Le combat avec Jack Johnson permet à Cravan de se payer un billet pour New York. Il peut enfin quitter Barcelone et partir pour cette Amérique dont il garde la nostalgie depuis son adolescence et qui a su, jusqu'à présent, se tenir à l'écart de la grande boucherie européenne.

Il a retenu son passage sur le Montserrat, paquebot de la Compagnie Transatlantique qui appareille de Barcelone le 25 décembre et traverse l'Atlantique en 17 jours. Le prix du billet est exorbitant mais le navire bat pavillon espagnol, donc neutre, ce qui le met théoriquement à l'abri des sous-marins allemands.

Cravan n'embarque pas à Barcelone. Il a décidé de faire d'abord un peu de tourisme en Andalousie. Il visite donc Valence ("Cela paraît déjà sublime après Barcelone, surtout au clair de lune" - Lettre à Renée), puis, le 30 décembre, Séville pour voir l'Alcazar, et enfin Cadix où il monte à bord du Montserrat.

Une carte postale rassure Renée, sa compagne, qu'il a laissée derrière lui: "Il paraît que le Montserrat est de tous les bateaux de la Compagnie celui qui tient le mieux la mer."

Si on en croit les mémoires d'un autre passager, le navire n'est pas à la hauteur de sa réputation: "La mer fut extrêmement tempétueuse et fit tout pour nous rappeler le peu de valeur de l'existence. Le Montserrat était un vieux navire, peu fait pour la navigation sur l'océan."

Le vieux vapeur tient bon néanmoins. S'il avait coulé, le cours de l'Histoire en aurait été changé. Le passager que le gros temps rend philosophe n'est autre que Léon Trotsky que les autorités espagnoles ont décrété "indésirable" et mis sur le premier navire en partance pour les Etats-Unis.

Le révolutionnaire russe promène un regard morose sur ses compagnons d'infortune. Il juge la population du navire "peu attirante". Il y a les passagers de troisième classe: "Entassés, se remuant peu, parlant peu, car ils mangent peu, mornes, ils voguent d'une mauvaise misère, trop coutumière, vers une autre qui est encore du domaine de l'inconnu." ("Ma Vie")

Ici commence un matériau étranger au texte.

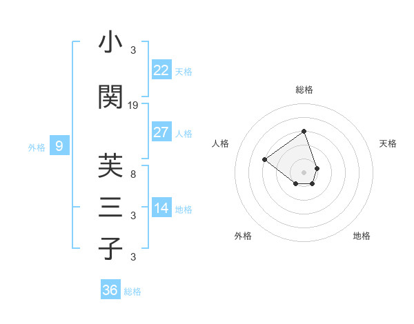 小関 芙三子さんを姓名の画数から五運を鑑定
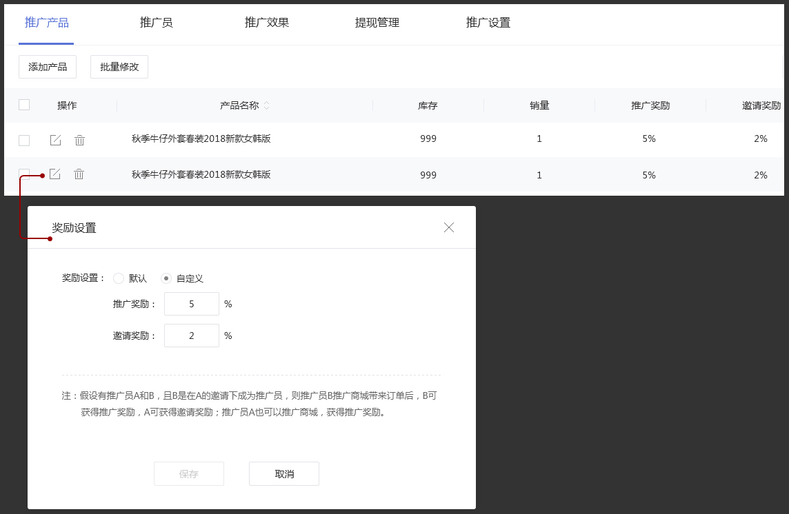 ③點擊“推廣產(chǎn)品”標(biāo)簽項,您可自行添加參與推廣的活動產(chǎn)品。添加推廣產(chǎn)品后,您可自定義其推廣獎勵和邀請獎勵的百分比,也可以選擇默認(rèn)獎勵。參與推廣的活動產(chǎn)品的產(chǎn)品詳情頁會顯示“賺”。
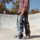 skate feminino personalizado com brilho azul esmaecido pingando contra fundo preto. Você pode adicionar seu primeiro nome em letras em negrito através da lente.
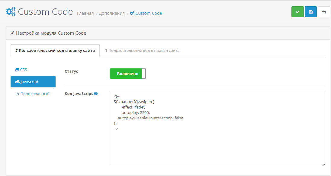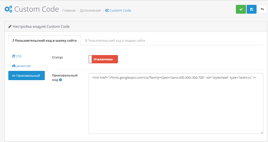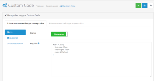 Модуль дает возможность добавить ваш код как в шапку сайта (header) - перед закрывающим тегом </head>, так и в подвал сайта (footer) - перед закрывающим тегом </body>
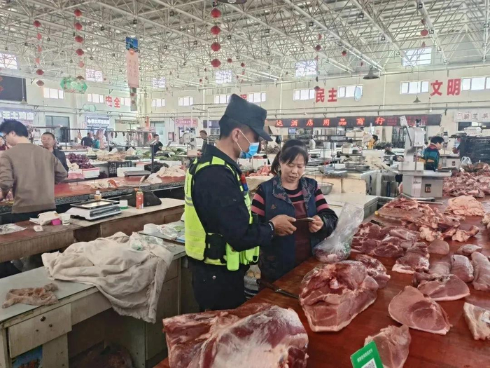 行动期间,各警种部门民警辅警走进辖区各市场,通过现场讲解、发放宣传资料等方式,向商铺、摊贩以及消费者等群体,普及《中华人民共和国食品安全法》等相关法律法规,要求肉类产品经营者依法依规经营,自觉抵制销售伪劣肉类产品和假冒伪劣食品的不法行为。
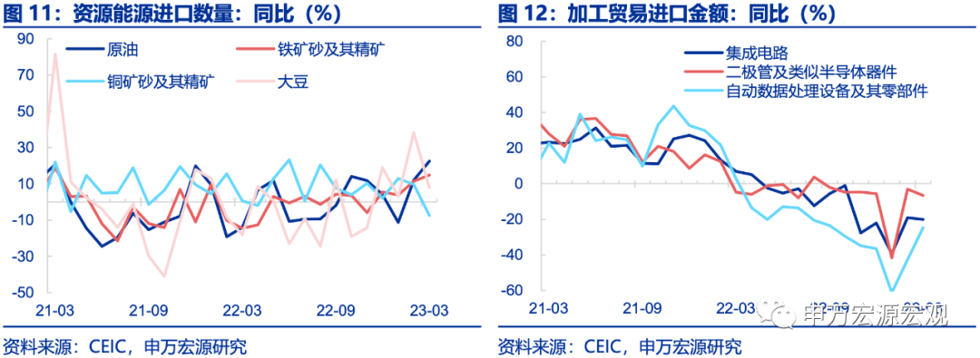 22Q4深度负增的机电产品出口增速,3月单月大幅改善(春节调整后+28.1pct至12.3%,下同),该单项即拉动3月整体出口增速16.7个百分点,其中,家用电器(+38.7pct至11.3%)、集成电路(+19.2pct至-3%)等出口均大幅回升,显示业生产加快恢复并对应推动高附加值商品出口逐步回补前期缺口。
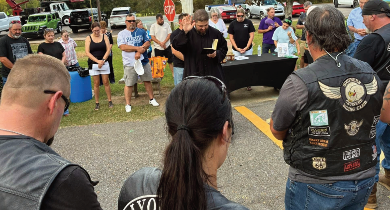 “A priest offers a blessing to riders during the Blessing of the Bikes and Poker Run, a beloved
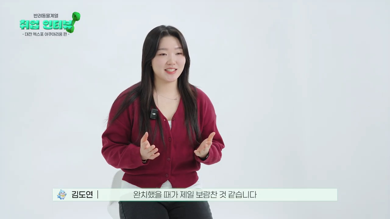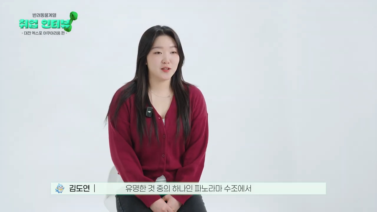 마지막으로 아쿠아리스트로서 자신만의 이름 석 자를 확실히 알리고, 소중한 생명을 지키며 앞으로도 열심히 일하겠다는 다짐도 잊지 않았습니다. 김도연 선배의 최애 동물과 가장 까다로운 동물 이야기를 비롯해 더욱 자세한 인터뷰는 아래 영상을 통해 만나보실 수 있으니 꼭 확인해 보시기 바랍니다.서울호서 반려동물계열을 졸업하고 현재 대전 엑스포 아쿠아리움에서 아쿠아리스트로 활약하고 있는 김도연 선배의 생생한 이야기를 전해드립니다.

Et puis il y a les autres: "déserteurs, aventuriers, spéculateurs, bannis d'Europe - "éléments indésirables" -". Et parmi eux un géant blond qui agace manifestement Trotsky: "Un boxeur, littérateur à l'occasion, cousin d'Oscar Wilde, avouait franchement qu'il aimait mieux démolir la mâchoire à des messieurs yankees, dans un noble sport, que de se faire casser les côtes par un Allemand." On sent que le futur organisateur de l'Armée Rouge n'a guère de patience pour les tire-au-flanc.

La traversée est longue, plus de deux semaines. Trotsky et Cravan ont certainement bavardé. Les souvenirs de Les souvenirs de Mina Loy semblent l'attester. En tout cas, Cravan à New York discourt à propos de Trotsky qu'il considère avec un mélange de respect et d'ironie: "Dans toute la racaille politique, il n'y en a qu'un seul qui soit sincère: Trotsky - le pauvre fou! Il aime sincèrement l'humanité. Il désire sincèrement rendre les autres heureux. Et il pense vraiment qu'un jour il n'y auira plus de guerre. Il est comique et je le respecte. Mais lui aussi il essaie d'embobiner quelqu'un - lui-même." ("Colossus")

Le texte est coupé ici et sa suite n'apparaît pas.